### What needs to be done:
Transcribe the whole listing below without changing a word, but leave out every image.

┌──

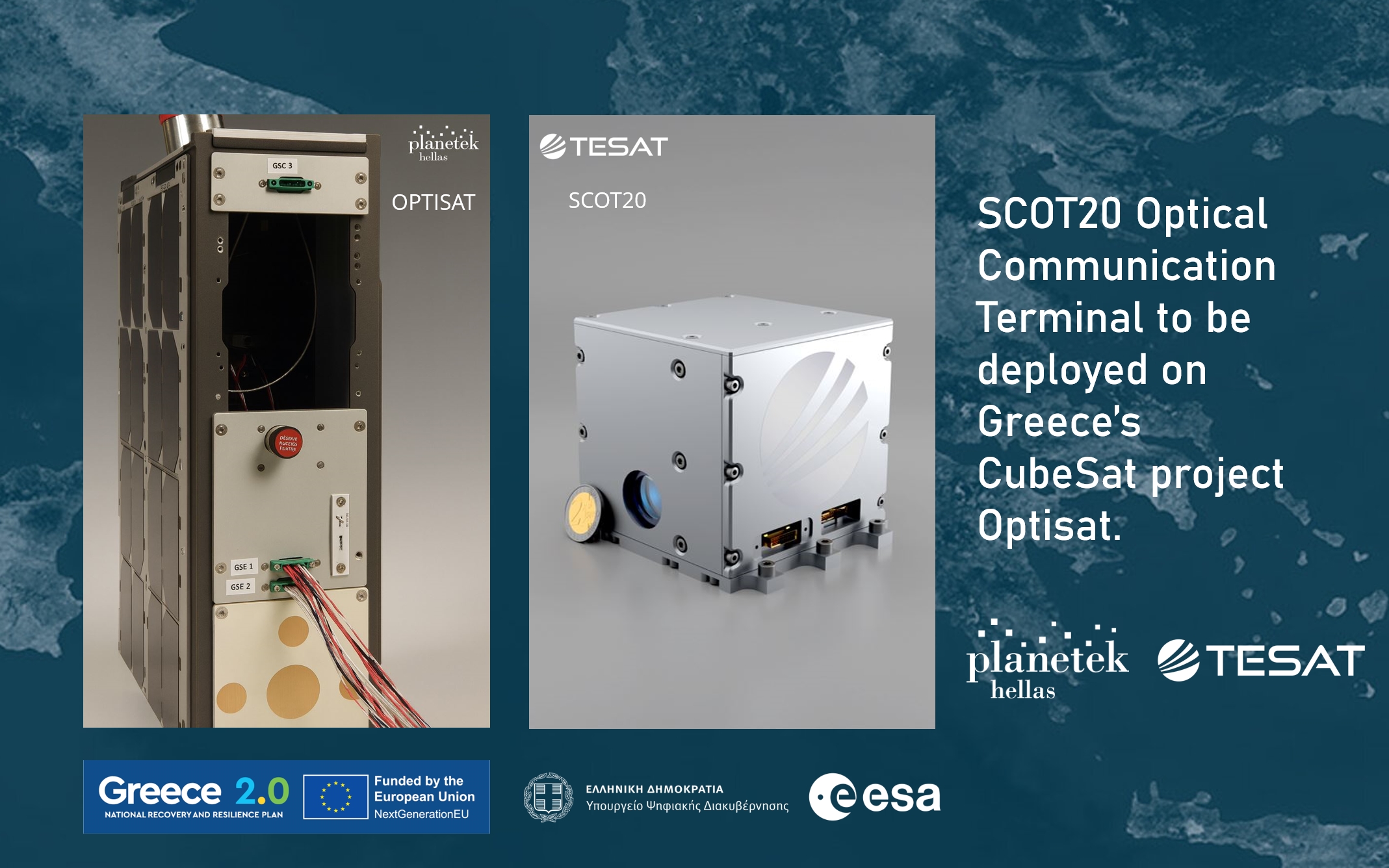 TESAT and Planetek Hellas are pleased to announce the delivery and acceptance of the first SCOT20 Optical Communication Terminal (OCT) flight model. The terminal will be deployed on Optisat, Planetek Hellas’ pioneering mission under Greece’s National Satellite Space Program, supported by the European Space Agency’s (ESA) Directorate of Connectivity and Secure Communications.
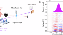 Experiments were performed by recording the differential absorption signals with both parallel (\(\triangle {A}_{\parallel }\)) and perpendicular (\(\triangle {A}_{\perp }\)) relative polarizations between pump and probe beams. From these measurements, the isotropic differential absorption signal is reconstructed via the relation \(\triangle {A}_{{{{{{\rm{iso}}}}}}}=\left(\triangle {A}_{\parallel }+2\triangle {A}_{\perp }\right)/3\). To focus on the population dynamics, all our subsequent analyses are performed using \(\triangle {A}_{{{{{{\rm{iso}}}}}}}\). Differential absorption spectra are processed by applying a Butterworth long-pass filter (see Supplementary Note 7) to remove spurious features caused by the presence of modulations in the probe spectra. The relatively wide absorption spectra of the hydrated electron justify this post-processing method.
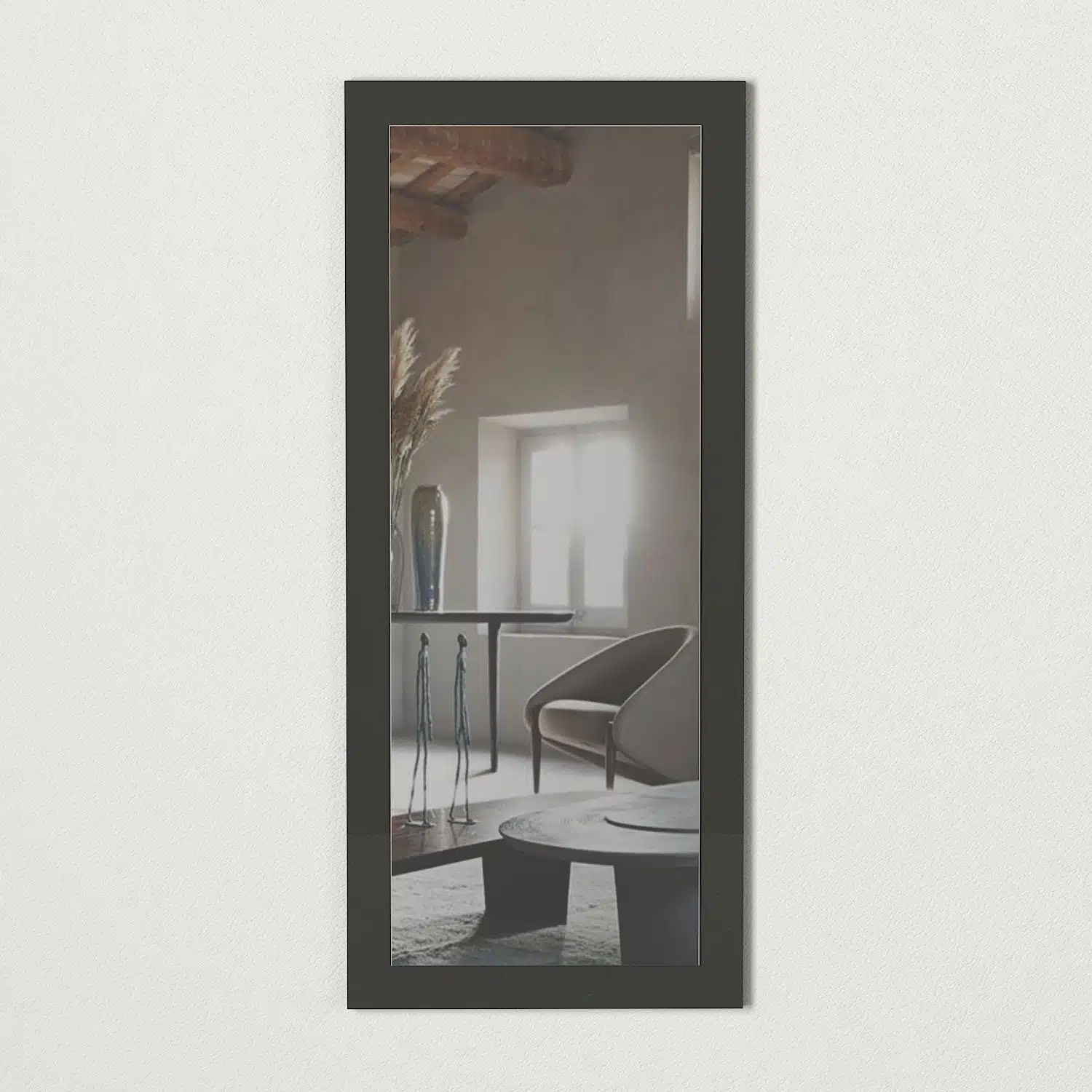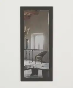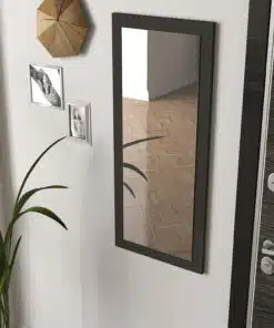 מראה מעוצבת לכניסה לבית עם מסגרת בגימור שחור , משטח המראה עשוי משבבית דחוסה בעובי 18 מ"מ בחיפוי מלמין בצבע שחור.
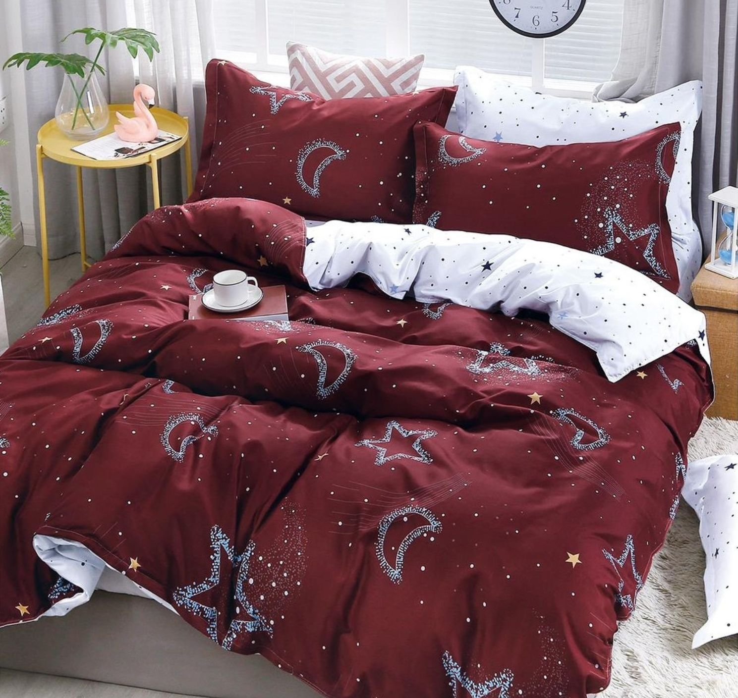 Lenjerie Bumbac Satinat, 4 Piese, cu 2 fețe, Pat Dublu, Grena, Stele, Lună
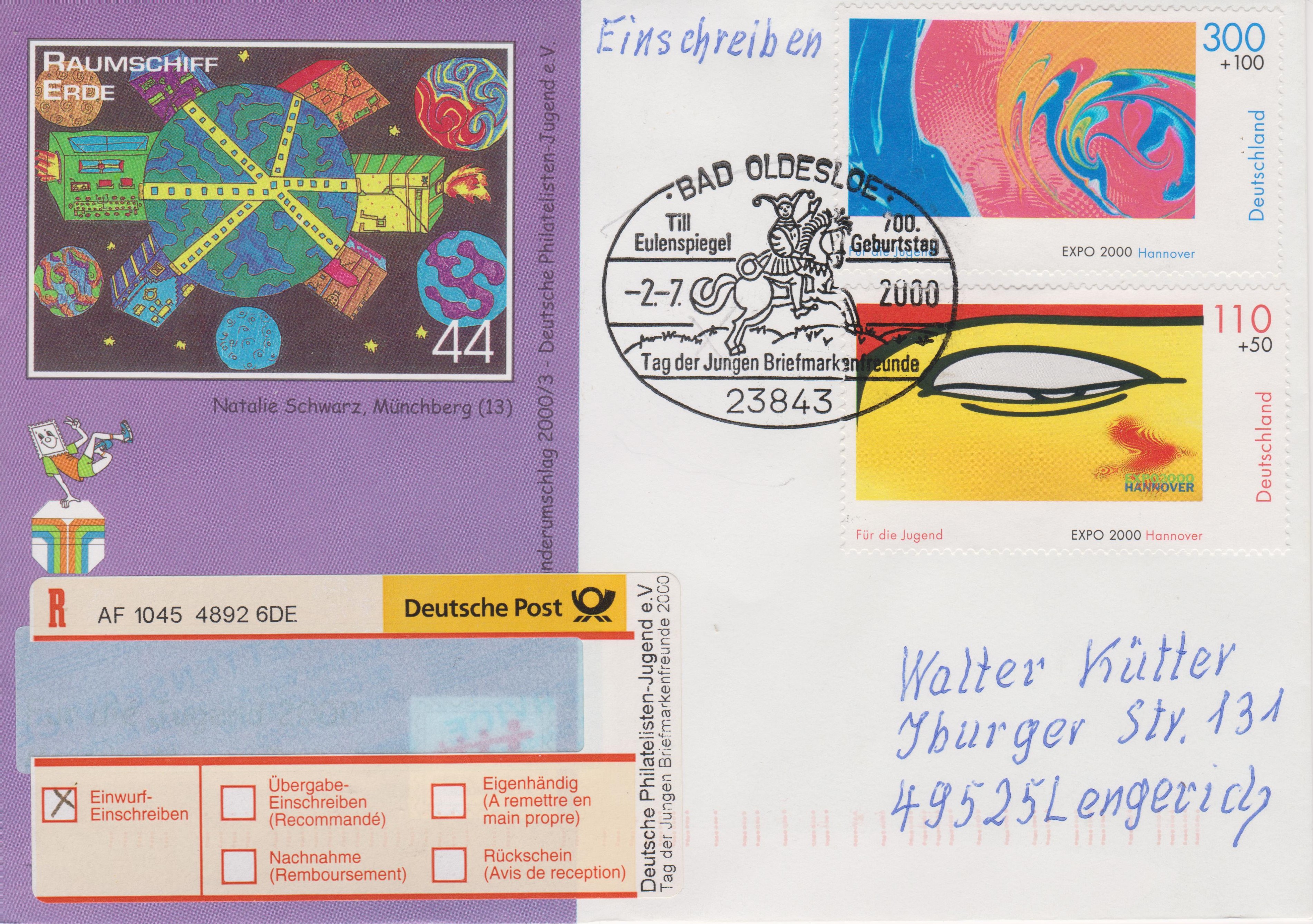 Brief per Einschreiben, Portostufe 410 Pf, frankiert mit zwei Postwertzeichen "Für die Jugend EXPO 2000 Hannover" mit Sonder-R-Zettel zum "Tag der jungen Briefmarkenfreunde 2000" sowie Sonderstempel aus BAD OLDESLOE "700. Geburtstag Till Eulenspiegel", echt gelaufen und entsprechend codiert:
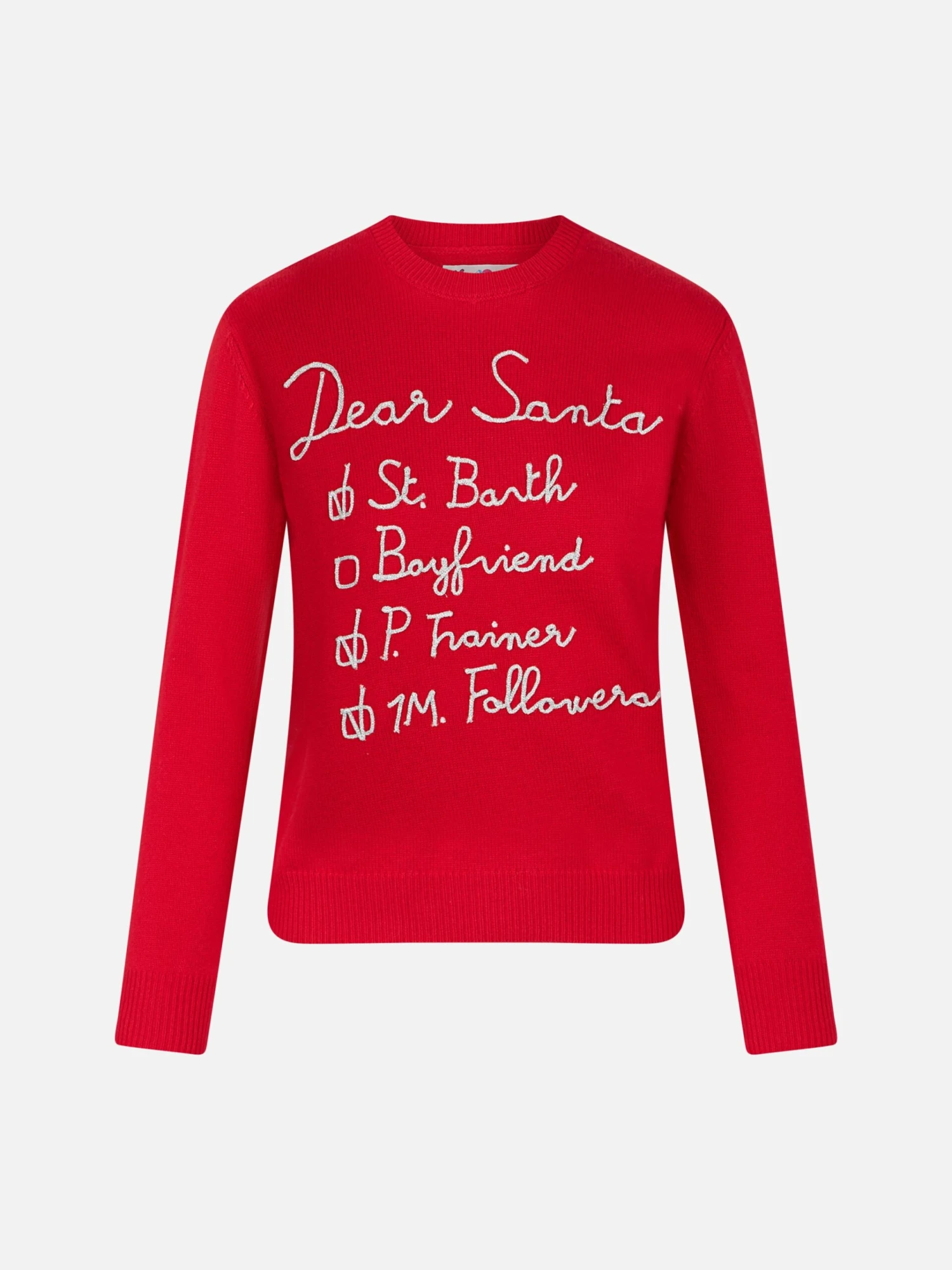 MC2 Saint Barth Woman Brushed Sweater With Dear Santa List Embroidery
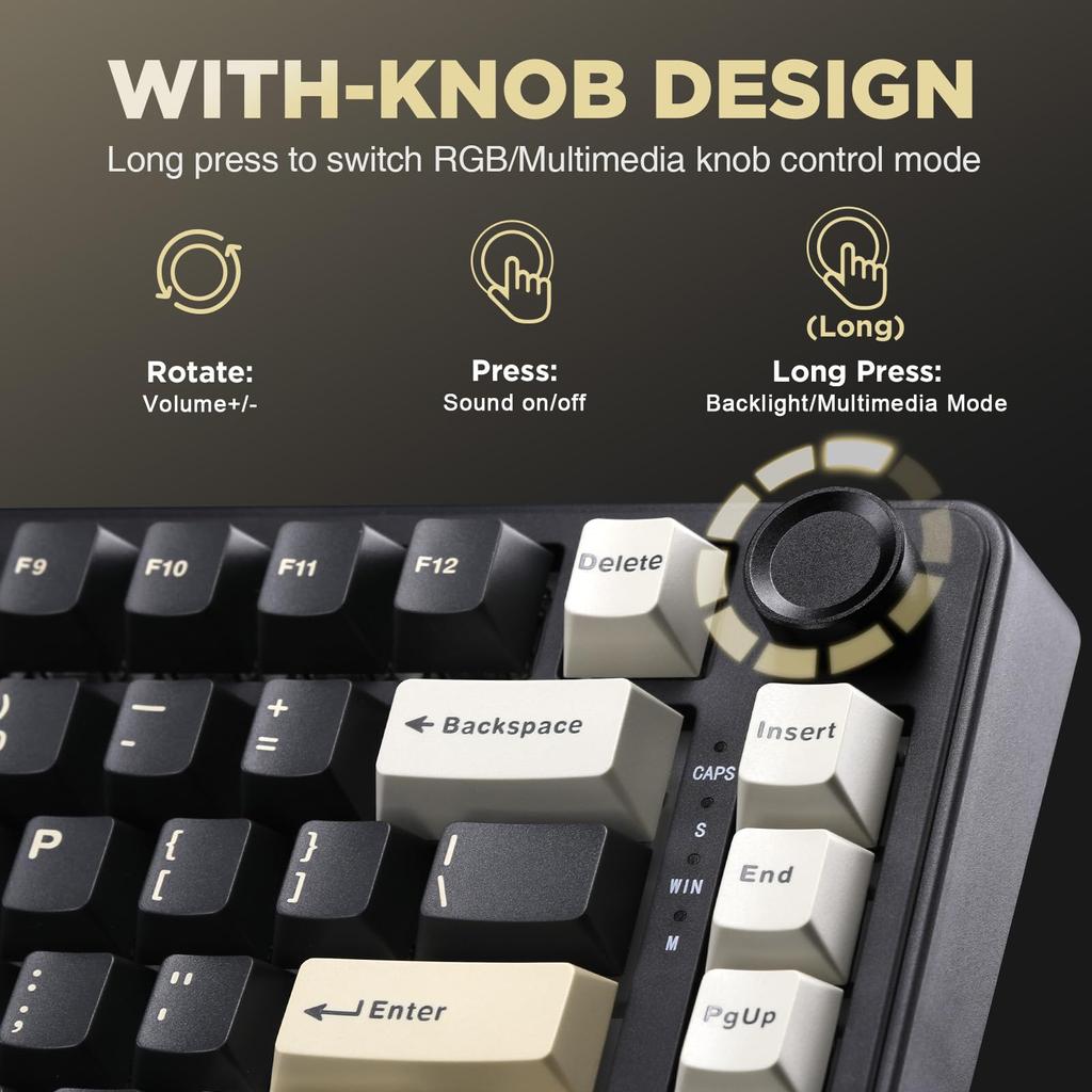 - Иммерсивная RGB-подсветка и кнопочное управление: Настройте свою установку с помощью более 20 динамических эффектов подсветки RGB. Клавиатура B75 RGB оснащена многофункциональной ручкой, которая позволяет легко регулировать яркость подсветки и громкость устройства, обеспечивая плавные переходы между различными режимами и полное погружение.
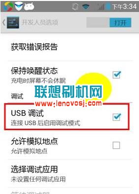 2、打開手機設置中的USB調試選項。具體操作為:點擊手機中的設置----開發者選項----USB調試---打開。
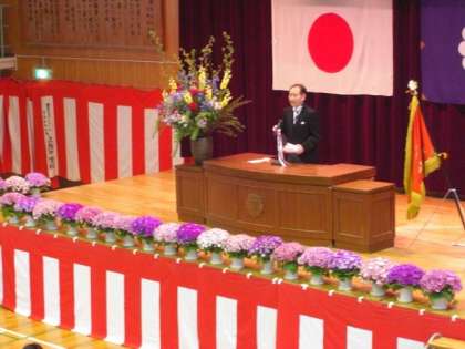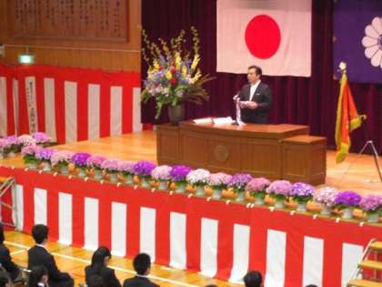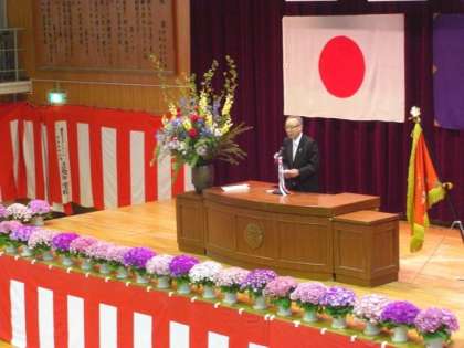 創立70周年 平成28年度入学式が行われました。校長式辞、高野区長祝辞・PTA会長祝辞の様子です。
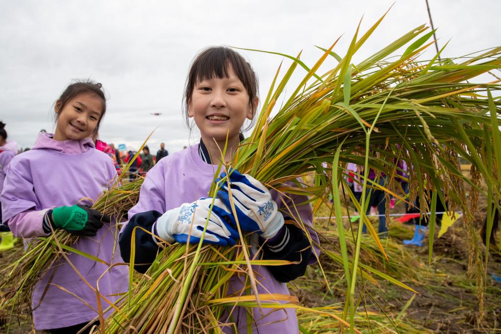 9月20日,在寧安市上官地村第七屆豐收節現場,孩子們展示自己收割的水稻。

└──

### Output:
 TESAT and Planetek Hellas are pleased to announce the delivery and acceptance of the first SCOT20 Optical Communication Terminal (OCT) flight model. The terminal will be deployed on Optisat, Planetek Hellas’ pioneering mission under Greece’s National Satellite Space Program, supported by the European Space Agency’s (ESA) Directorate of Connectivity and Secure Communications.
 Experiments were performed by recording the differential absorption signals with both parallel (\(\triangle {A}_{\parallel }\)) and perpendicular (\(\triangle {A}_{\perp }\)) relative polarizations between pump and probe beams. From these measurements, the isotropic differential absorption signal is reconstructed via the relation \(\triangle {A}_{{{{{{\rm{iso}}}}}}}=\left(\triangle {A}_{\parallel }+2\triangle {A}_{\perp }\right)/3\). To focus on the population dynamics, all our subsequent analyses are performed using \(\triangle {A}_{{{{{{\rm{iso}}}}}}}\). Differential absorption spectra are processed by applying a Butterworth long-pass filter (see Supplementary Note 7) to remove spurious features caused by the presence of modulations in the probe spectra. The relatively wide absorption spectra of the hydrated electron justify this post-processing method.
 מראה מעוצבת לכניסה לבית עם מסגרת בגימור שחור , משטח המראה עשוי משבבית דחוסה בעובי 18 מ"מ בחיפוי מלמין בצבע שחור.
 Lenjerie Bumbac Satinat, 4 Piese, cu 2 fețe, Pat Dublu, Grena, Stele, Lună
 Brief per Einschreiben, Portostufe 410 Pf, frankiert mit zwei Postwertzeichen "Für die Jugend EXPO 2000 Hannover" mit Sonder-R-Zettel zum "Tag der jungen Briefmarkenfreunde 2000" sowie Sonderstempel aus BAD OLDESLOE "700. Geburtstag Till Eulenspiegel", echt gelaufen und entsprechend codiert:
 MC2 Saint Barth Woman Brushed Sweater With Dear Santa List Embroidery
 - Иммерсивная RGB-подсветка и кнопочное управление: Настройте свою установку с помощью более 20 динамических эффектов подсветки RGB. Клавиатура B75 RGB оснащена многофункциональной ручкой, которая позволяет легко регулировать яркость подсветки и громкость устройства, обеспечивая плавные переходы между различными режимами и полное погружение.
 2、打開手機設置中的USB調試選項。具體操作為:點擊手機中的設置----開發者選項----USB調試---打開。
 創立70周年 平成28年度入学式が行われました。校長式辞、高野区長祝辞・PTA会長祝辞の様子です。
 9月20日,在寧安市上官地村第七屆豐收節現場,孩子們展示自己收割的水稻。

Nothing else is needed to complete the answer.